In further support of this argument, Defendants cite Haus v. City of New York, No. 03 Civ. 4915(RWS)(MHD) (S.D.N.Y. Aug. 31, 2011) where plaintiffs alleged that the summonses issued to them were devoid of probable cause due to defects on the face of the summons. The Court rejected plaintiffs' argument, noting that "[t]he existence or non-existence of probable cause is measured by the events occurring at the time of arrest, and while a defect in the charging document may lead to the dismissal of the charge, that does not demonstrate that the arrest was invalid." Id. at 245.

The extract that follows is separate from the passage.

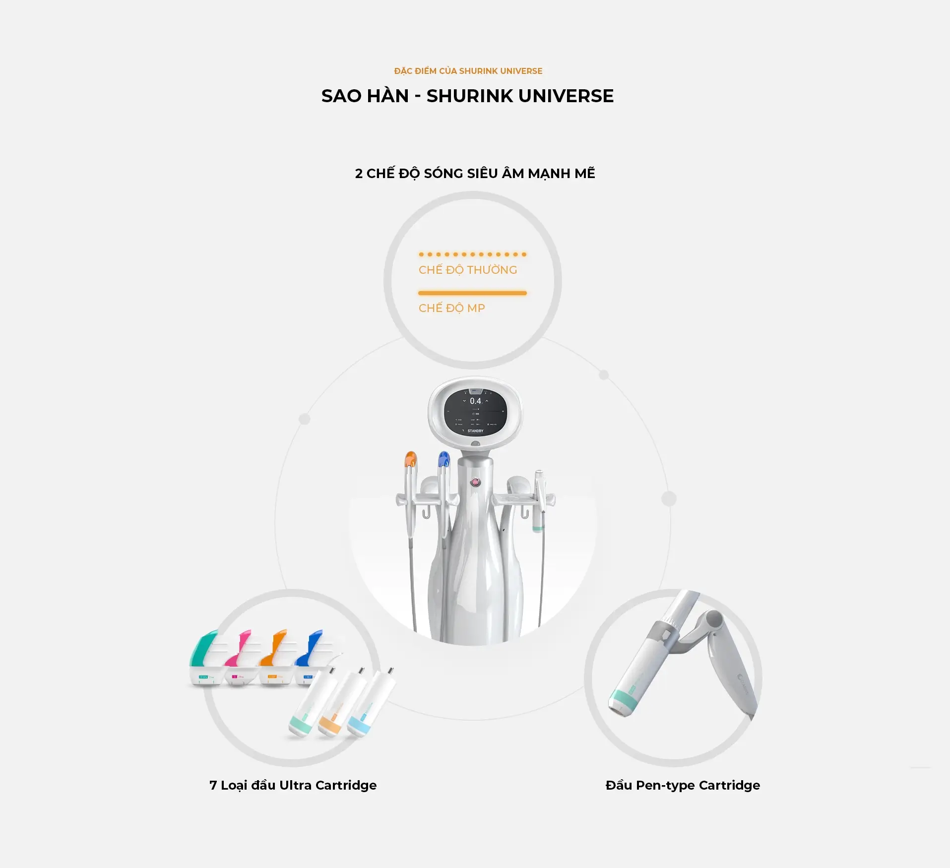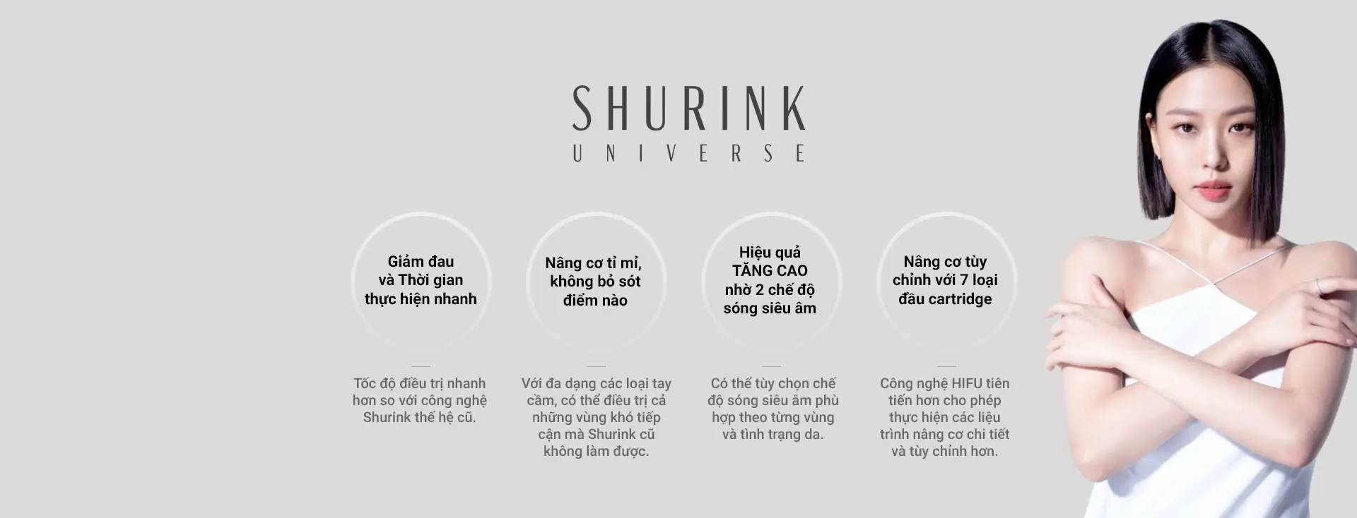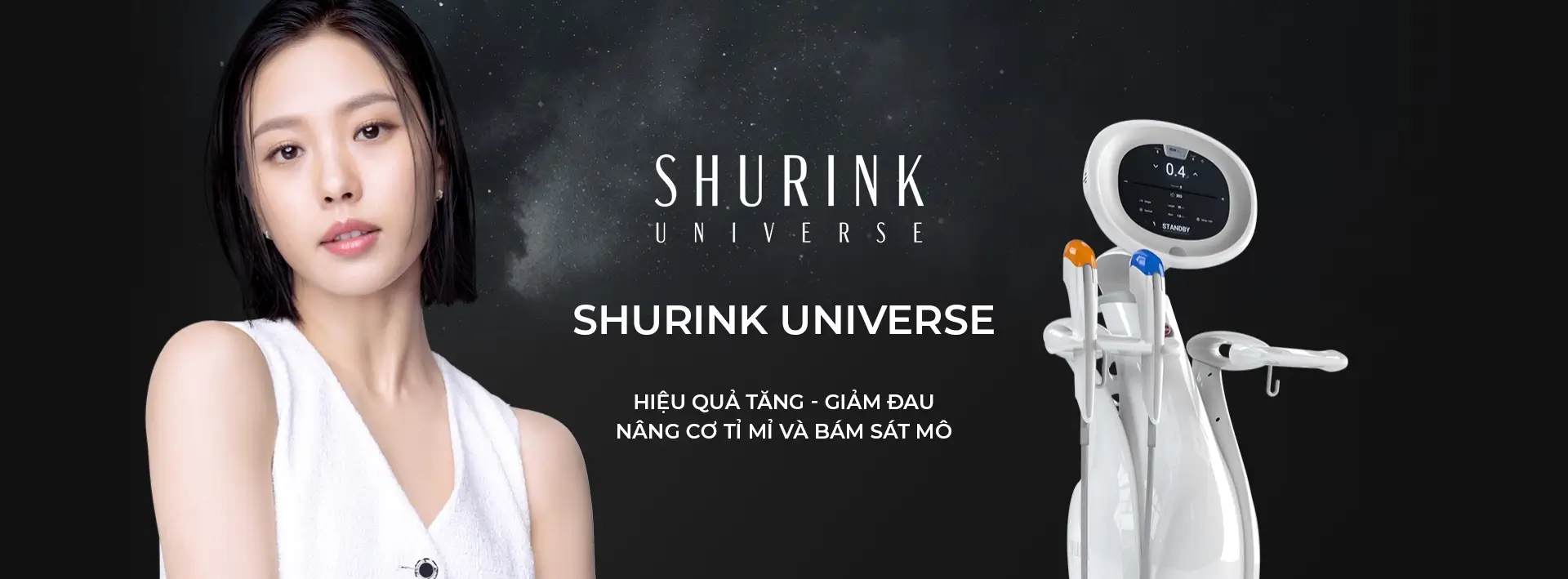 Shurink Universe là thiết bị nâng cơ sử dụng sóng siêu âm hội tụ cường độ cao (HIFU). Đây là thế hệ thứ 2 của dòng máy Shurink, giúp hội tụ năng lượng vào lớp cân cơ (SMAS) mà gần như không gây tổn thương bề mặt da, kích thích tái tạo Collagen và co rút các mô chảy xệ, giúp cải thiện độ đàn hồi toàn diện.

Defendants' contentions fail to establish grounds for reconsideration of the April 23 Opinion. None of the briefing related to Plaintiffs' class certification motion cited the People v. Dreyden decision, nor was the case raised at oral argument. With respect to Haus v. City of New York, the April 23 Opinion squarely addressed the issue Defendants' identify, recognizing that, while there are alternative reasons for dismissal of a summons other than a lack of probable cause, an analysis of the applicable statutes and the Citywide Summons Operation's two-stage review process leads to the conclusion that the overwhelming majority of summonses dismissed at the facial sufficiency review stage were dismissed for want of probable cause. See Stinson, 2012 WL 1450553, at * 16. Defendants' citations to the Dreyden and Haus decisions fail to raise a point of law or controlling authority the April 23 Opinion overlooked.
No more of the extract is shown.